CHAMBRE DES RECOURS PENALE

Arrêt du 7 août 2026

Composition

M m e ELKAIM, présidente MM. Perrot et Maytain, juges Greffier : M. Ritter

*****

Art. 92 CP; 64 al. 1 et 2 LPA-VD ; 38 al. 1 LEP

Statuant sur le recours interjeté le 15 juin 2026 par B.________ contre la décision rendue le 4 juin 2026 par l’Office d’exécution des peines dans la cause n° AP26.***, la Chambre des recours pénale considère :

En fait

A.

a) Le casier judiciaire de B.________ fait état notamment des condamnations suivantes :

- 4 mai 2017, Cour d'appel pénale du Tribunal cantonal : abus de confiance, vol, escroquerie, tentative d'escroquerie, faux dans les titres, faux dans les certificats, obtention frauduleuse d'une prestation, tentative d'obtention frauduleuse d'une prestation, délit contre la Loi fédérale sur l'assurance-chômage obligatoire et l'indemnité en cas d'insolvabilité ; peine privative de liberté de 3 ans, avec sursis portant sur 21 mois et délai d'épreuve de 4 ans, 60 jours-amende à 30 fr. et traitement ambulatoire au sens de l'art. 63 CP (Code pénal ; RS 311.0) ;

- 12 avril 2018, Ministère public de l'arrondissement de Lausanne : non-restitution de permis et/ou plaques de contrôle ; 60 joursamende à 30 fr. le jour, convertis en 60 jours de peine privative de liberté de substitution ;

- 22 juin 2018, Ministère public du canton du Valais, Office central : circuler sans assurance-responsabilité civile au sens de la loi fédérale sur la circulation routière, non-restitution de permis et/ou plaques de contrôle ; 45 jours-amende à 30 fr. le jour ;

- 22 mars 2019, Tribunal correctionnel de l'arrondissement de Lausanne: blanchiment d'argent, recel ; peine privative de liberté de 10 mois ;

- 5 mai 2021, Tribunal correctionnel de l’arrondissement de Lausanne : utilisation frauduleuse d’un ordinateur, faux dans les titres ; peine privative de liberté de 30 mois, partiellement complémentaire au jugement du 22 mars 2019 et peine d’ensemble avec le jugement du 4 mai 2017, traitement ambulatoire selon l’art. 63 CP.

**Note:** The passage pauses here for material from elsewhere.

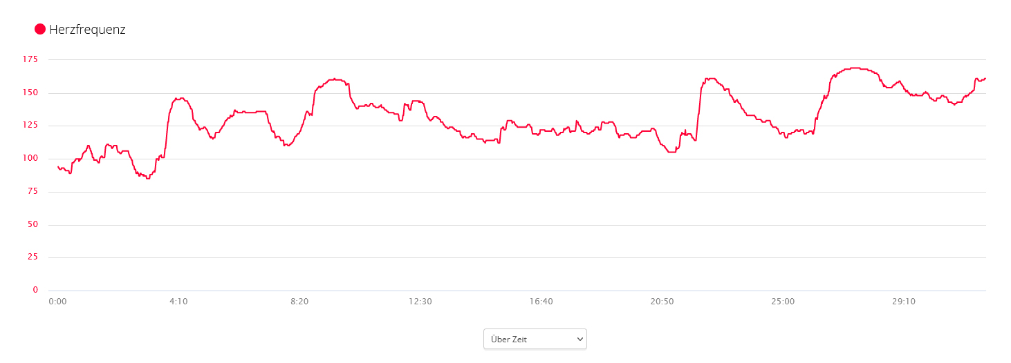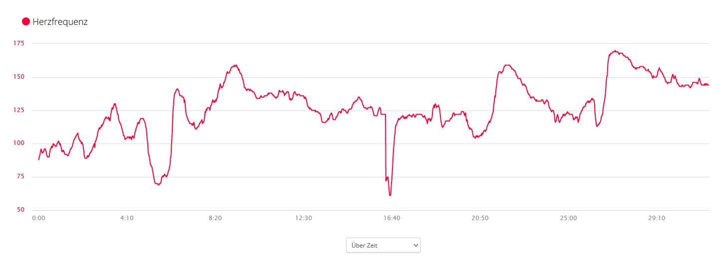 Um die Genauigkeit der Herzfrequenz zu bestimmen, tritt die Decathlon Kiprun 500 gegen die Garmin Venu 2 an. Dabei zeigt sich, dass beide Uhren die jeweiligen Pulsspitzen und Verläufe ähnlich darstellen, die Frequenz bei der Garmin-Uhr jedoch bedeutend mehr schwankt. Bei den sinkenden Pulswerten ist nicht etwa der Sensor verrutscht, sondern es wurden kurze Pausen gemacht. Diese Pausen mit sinkender Pulsfrequenz erfasst die Kiprun nicht bzw. nicht im gleichen Ausmaß wie die Garmin.

b) Le 24 juin 2022, le Ministère public de l’arrondissement du Nord vaudois a ouvert une instruction pénale à l’encontre de B.________ pour vol et escroquerie.

Par décision du 23 août 2022, I’Office d'exécution des peines (OEP) a révoqué le régime de la semi-détention qui avait été accordé à B.________, au motif qu’au vu de l’enquête nouvellement ouverte contre elle par le Ministère public de l’arrondissement du Nord vaudois, elle n’était pas digne de la confiance nécessaire à l’octroi d’un tel régime, et ce quand bien même l’étendue de son activité délictueuse n’était pas encore établie. Dans ces conditions et compte tenu des antécédents de la condamnée, l’OEP considérait que le risque de récidive était patent.

c) Par jugement du 6 août 2024, entré en force, le Tribunal correctionnel de l’arrondissement de Lausanne a, notamment, condamné B.________ à une peine privative de liberté de 18 mois, peine partiellement complémentaire à celle prononcée le 5 mai 2021 par le Tribunal correctionnel de l’arrondissement de Lausanne.

d) Par ordre d’exécution de peine du 13 janvier 2026, l’OEP a sommé la condamnée de se présenter le 25 mars 2026 à la Prison de la Tuilière, à Lonay, pour exécuter la peine prononcée dans le jugement cidessus.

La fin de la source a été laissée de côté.